IoT for NYC: Smart grid will touch 4 million homes
Silver Spring Networks will deploy IoT platform in New York
New York’s Consolidated Edison plans to connect more than 4 million electricity and gas customers to a smart grid deployed by Silver Spring Networks. The program is meant to support the state of New York in its effort to cut carbon emissions by 80% by 2050. The initial phases of the smart grid program have been approved, but the full plan is awaiting additional action by the New York Public Service Commission.
Silver Spring Networks is an IoT solutions provider headed by Michael Bell, a former Apple executive who also led Intel’s IoT efforts before taking over as CEO of Silver Spring last fall. One of the first things Bell did was to open the company’s application programming interfaces, which use the the IEEE 802.15.4g wireless interoperability standard, called Wi-SUN (SUN stands for smart utility metering). Bell sees unlimited opportunity for smart city use cases leveraging Silver Spring’s technology.

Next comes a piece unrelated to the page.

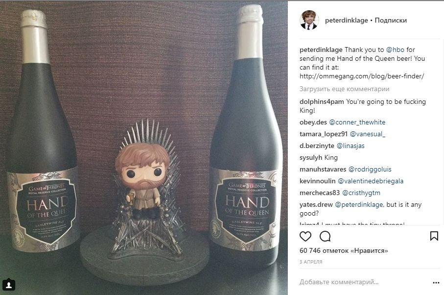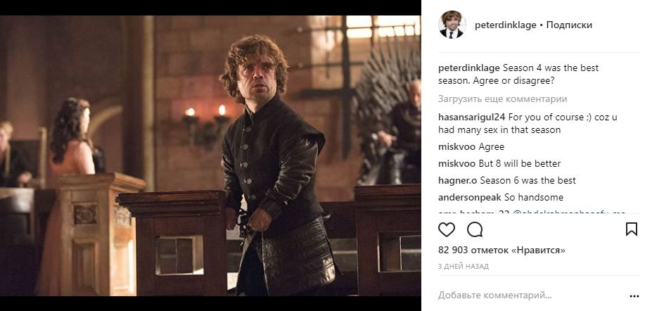 В инстаграме Питера Динклэйджа (Тирион Ланнистер) много фотографий с коллегами по сериалу со съемок и мероприятий. В годовщину премьеры "Игры престолов" он вспоминает съемки в предыдущих сезонах. Также он признался, что его любимый сезон – четвертый.

“I can foresee everything, .. street lights, meters, parking spaces, bus kiosks — the signs, any kind of road signage,” he said. “Our technology [supports] higher power devices as well as battery powered devices.” Bell said that Silver Spring has already deployed more than 22 million IoT connections, with deployments in California, Florida, Texas, Illinois, and Singapore.
“We’re probably one of the biggest IoT companies in the world in terms of devices that have actually shipped,” said Bell. “We’ve been servicing the Internet of critical things.”
Smart meters are Silver Spring’s biggest business, but the company is expanding into smart grid deployments like the one in New York. Smart grids use connected endpoints to monitor power use and use a network to distribute power based on the data collected from the endpoints. Silver Spring said the solution it will deploy in New York will offer speeds of up to 2.4 megabits per second, and will support dual-band mesh communications on both 900 MHz and 2.4 GHz frequencies.
“Our offering is faster than the people that have popped up recently, our offering is more secure than the people that have popped up recently, and the mesh architecture gives us a level of redundancy that the others don’t have,” said Bell. The ‘people that have popped up recently’ are Sigfox and LoRa, two low-power wide-area networking technologies designed for the Internet of Things.
Mobile operators are also eyeing IoT technology, and the 3GPP standards group is expected to release new standards for cellular IoT during the first half of this year. Bell said he sees cellular technology as more of a complement than a competitor to Silver Spring.
“We actually think we’re a great add-on for cellullar,” said Bell, adding that one Silver Spring node can aggregate traffic from up to 1,000 endpoints. “We aggregate all that traffic before it goes back through the cellular backbone, which actually is a very optimum use of that kind of routing, so we see ourselves as a perfect partner of many of the cell companies,” he said.